Her family’s roots in Egypt went back generations. The blessing for the congregation on Shabbat has often made me think of her family. “Those who dedicate synagogues for prayer” could refer to her maternal grandfather and great-grandfather who founded two of Cairo’s main synagogues. “Those who enter synagogues to pray... and all who are involved faithfully in the needs of the community” could refer to her paternal great-grandfather, Rabbi Yomtov Israel, and his father Rabbi Eliahou Israel before him, Chief Rabbis of Cairo in the 19th century.

Proverbs asks: “A woman of valour, who can find? For her value is far beyond pearls.” That question was answered when my grandmother married my grandfather, Moïse Bentata, in Cairo in 1936. In her, he found an eshet hayil, a woman of valour, whose value was indeed far beyond pearls. Shortly prior to their marriage, he queried her elder brother about her dowry, which was less than he had expected. Her brother responded, however, that in marrying my grandmother, my grandfather was acquiring a pearl.

Proverbs continues: “Her husband puts his trust in her, and he lacks no good thing, she is good to him, never bad.” There are no better words to describe my grandparents’ marriage, into which my mother and aunt were born. As the Children of Israel cried for Moses after his death, so too, my grandmother, a child of the Israel family, cried for Moïse, her husband, after his death in 1972.

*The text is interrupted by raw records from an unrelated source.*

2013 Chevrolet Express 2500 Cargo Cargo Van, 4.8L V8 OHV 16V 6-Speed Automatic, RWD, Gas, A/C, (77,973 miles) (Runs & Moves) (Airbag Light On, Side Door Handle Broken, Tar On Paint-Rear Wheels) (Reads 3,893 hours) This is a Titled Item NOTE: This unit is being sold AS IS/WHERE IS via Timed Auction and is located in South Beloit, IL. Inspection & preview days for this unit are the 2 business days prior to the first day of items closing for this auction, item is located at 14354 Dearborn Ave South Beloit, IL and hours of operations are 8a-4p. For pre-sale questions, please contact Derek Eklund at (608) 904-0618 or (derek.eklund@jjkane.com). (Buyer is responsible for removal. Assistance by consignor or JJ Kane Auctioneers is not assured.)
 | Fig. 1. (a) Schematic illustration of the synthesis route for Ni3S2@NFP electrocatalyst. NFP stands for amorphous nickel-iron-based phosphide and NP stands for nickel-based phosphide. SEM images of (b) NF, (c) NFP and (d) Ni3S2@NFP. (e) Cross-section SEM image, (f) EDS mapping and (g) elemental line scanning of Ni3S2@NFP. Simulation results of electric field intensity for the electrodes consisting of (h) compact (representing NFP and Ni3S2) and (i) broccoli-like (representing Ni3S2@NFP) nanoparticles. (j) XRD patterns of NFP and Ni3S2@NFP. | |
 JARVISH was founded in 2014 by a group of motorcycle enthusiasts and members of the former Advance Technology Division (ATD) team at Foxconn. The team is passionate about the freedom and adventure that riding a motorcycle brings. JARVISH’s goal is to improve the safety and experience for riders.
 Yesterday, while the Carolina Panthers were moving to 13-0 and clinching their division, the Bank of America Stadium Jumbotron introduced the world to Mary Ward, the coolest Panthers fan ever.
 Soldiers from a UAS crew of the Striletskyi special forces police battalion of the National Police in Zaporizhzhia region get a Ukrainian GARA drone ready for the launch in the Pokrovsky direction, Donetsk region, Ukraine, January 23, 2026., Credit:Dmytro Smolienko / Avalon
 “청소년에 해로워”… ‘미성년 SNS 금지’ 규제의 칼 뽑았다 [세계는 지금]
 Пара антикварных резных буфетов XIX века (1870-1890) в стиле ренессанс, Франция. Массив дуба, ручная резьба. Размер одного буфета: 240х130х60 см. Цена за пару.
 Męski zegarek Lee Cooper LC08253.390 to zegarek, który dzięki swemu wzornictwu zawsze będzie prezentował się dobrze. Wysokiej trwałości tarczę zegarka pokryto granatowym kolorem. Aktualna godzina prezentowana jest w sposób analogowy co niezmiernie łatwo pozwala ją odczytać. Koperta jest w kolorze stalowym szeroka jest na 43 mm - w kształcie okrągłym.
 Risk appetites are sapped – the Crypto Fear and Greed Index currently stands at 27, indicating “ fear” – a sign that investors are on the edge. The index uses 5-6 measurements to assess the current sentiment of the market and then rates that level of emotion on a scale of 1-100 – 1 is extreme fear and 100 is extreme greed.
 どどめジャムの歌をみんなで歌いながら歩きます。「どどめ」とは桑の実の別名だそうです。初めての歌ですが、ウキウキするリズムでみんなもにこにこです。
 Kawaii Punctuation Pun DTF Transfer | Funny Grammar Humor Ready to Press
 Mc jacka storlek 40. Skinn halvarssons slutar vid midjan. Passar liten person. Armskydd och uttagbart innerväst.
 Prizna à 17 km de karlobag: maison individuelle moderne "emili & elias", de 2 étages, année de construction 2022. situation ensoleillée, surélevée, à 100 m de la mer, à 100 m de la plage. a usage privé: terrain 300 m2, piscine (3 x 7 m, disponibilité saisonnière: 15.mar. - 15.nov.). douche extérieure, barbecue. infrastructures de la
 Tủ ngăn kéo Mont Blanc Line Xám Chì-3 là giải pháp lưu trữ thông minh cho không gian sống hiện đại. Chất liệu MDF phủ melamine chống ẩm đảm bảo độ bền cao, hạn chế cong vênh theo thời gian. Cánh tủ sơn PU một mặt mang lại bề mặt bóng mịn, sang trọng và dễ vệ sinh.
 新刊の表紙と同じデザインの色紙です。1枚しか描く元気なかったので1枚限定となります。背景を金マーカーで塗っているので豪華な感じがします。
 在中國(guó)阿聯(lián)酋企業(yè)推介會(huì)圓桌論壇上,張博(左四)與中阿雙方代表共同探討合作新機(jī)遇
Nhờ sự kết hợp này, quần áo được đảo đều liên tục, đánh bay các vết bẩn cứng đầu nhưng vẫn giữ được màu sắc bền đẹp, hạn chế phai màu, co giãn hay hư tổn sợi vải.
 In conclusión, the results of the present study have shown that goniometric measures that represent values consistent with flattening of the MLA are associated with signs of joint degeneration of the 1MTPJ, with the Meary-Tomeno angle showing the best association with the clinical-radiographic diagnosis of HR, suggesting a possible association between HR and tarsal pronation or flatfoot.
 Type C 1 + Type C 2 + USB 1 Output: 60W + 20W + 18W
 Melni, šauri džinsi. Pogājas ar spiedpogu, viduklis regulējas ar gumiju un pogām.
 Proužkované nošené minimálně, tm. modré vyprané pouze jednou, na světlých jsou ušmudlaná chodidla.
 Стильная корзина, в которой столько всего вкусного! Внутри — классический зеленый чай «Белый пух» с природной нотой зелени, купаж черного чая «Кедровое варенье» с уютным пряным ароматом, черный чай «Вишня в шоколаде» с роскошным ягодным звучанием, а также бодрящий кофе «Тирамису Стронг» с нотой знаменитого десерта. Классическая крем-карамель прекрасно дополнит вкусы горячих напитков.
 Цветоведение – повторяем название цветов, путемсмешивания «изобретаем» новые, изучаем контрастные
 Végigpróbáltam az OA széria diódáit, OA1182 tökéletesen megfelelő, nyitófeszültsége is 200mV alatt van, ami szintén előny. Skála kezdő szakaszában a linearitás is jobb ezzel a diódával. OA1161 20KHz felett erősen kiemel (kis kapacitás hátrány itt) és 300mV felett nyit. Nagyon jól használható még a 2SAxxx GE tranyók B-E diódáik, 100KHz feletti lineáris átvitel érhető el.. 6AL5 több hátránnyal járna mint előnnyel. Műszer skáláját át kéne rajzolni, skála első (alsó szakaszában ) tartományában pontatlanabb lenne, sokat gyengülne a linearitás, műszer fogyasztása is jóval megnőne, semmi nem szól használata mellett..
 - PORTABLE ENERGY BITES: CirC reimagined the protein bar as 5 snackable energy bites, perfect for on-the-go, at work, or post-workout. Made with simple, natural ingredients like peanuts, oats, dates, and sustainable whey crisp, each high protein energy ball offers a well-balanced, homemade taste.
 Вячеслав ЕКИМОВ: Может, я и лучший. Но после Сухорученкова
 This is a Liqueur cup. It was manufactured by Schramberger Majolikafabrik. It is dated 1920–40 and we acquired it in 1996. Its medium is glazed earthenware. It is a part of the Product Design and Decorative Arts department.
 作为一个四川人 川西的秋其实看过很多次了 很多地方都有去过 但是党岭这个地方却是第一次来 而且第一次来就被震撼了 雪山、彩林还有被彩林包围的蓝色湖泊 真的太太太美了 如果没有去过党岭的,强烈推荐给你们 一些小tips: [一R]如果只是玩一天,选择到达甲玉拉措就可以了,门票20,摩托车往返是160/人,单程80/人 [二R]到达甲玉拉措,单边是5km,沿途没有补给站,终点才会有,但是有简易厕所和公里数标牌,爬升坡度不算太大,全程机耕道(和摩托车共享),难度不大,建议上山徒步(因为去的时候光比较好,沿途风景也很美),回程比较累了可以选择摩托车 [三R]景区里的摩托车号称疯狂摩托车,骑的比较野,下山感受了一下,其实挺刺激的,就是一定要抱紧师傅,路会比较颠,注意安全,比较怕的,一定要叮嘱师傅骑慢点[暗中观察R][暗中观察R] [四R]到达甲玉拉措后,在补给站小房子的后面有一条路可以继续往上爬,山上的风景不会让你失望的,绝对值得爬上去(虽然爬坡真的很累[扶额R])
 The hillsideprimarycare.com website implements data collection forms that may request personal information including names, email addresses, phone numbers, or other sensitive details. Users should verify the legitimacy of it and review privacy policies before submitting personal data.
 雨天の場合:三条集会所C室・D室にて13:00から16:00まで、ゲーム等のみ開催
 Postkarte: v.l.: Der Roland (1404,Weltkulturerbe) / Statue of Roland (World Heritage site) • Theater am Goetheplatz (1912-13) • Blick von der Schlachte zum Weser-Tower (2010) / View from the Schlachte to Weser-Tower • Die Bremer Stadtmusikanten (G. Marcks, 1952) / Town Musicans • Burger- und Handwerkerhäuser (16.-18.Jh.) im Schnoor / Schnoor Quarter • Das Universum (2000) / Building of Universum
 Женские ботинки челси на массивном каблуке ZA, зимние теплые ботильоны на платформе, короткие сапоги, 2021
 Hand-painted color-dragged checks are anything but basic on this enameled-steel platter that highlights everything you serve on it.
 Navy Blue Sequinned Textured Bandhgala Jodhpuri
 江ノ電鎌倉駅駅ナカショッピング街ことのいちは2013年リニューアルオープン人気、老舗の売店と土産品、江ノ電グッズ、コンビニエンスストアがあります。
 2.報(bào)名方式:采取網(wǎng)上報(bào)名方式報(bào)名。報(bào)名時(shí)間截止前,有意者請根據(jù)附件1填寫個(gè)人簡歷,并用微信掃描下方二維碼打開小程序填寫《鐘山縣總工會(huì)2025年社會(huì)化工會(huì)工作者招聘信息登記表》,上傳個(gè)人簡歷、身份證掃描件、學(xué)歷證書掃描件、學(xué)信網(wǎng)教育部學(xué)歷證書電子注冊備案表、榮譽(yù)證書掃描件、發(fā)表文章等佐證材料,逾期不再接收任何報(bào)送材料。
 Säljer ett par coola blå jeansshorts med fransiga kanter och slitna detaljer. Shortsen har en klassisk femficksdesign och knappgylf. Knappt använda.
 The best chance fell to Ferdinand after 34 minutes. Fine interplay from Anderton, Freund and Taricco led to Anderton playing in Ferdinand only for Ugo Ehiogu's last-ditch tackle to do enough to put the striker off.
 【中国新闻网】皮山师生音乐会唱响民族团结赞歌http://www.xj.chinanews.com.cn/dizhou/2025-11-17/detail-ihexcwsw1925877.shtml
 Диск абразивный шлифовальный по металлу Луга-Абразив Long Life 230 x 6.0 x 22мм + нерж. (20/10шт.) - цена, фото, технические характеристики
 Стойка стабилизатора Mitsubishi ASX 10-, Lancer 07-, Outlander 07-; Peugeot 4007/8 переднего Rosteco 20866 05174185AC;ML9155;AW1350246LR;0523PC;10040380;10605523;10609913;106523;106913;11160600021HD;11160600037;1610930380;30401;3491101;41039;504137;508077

As has so often happened in the course of Jewish history, she was uprooted from the country, the community and the large, extended family in the midst of which she had lived for more than 50 years and was forced to start again in Australia in 1961. Like the Children of Israel after they left Egypt, this daughter of the Israel family similarly remembered “the fish... the cucumbers, the melons, the leeks, the garlic and the onions” of Egypt. But unlike the Children of Israel, she did so without complaint and without bitterness and these foods found their way into her cooking with which she regaled us, especially at festivals.

It could be said that my grandmother died three times. Part of her spirit and her joie de vivre died 32 years ago, when her beloved husband died. A physical part died nearly 12 years ago, when she suffered an unexpected and debilitating stroke that stripped her of her independence. And on July 23, 2004 — Av 5, 5764 — during the nine days of annual Jewish mourning, she died finally. This was the least painful death, which put an end to her suffering.

We say of a deceased person — tehei nafsha tzerura bi-tzror ha’hayim — “may her soul be bound up in the bond of life”. My grandmother’s descendants can ensure that her soul be bound up in the bond of life by recalling the concluding words of Jacob’s blessing to his grandchildren: “... Bless the children, and in them may my name be recalled and the names of my fathers Abraham and Isaac...” It is through her descendants that her name, and the names of her forefathers of whom she was so proud, will be recalled and that her soul will be bound up in the bond of life.

Tehei nafsha tzerura bi’tzror ha’hayim. May her soul indeed be bound up in the bond of life. Amen.

Andrew Strum is the grandson of Odette Bentata.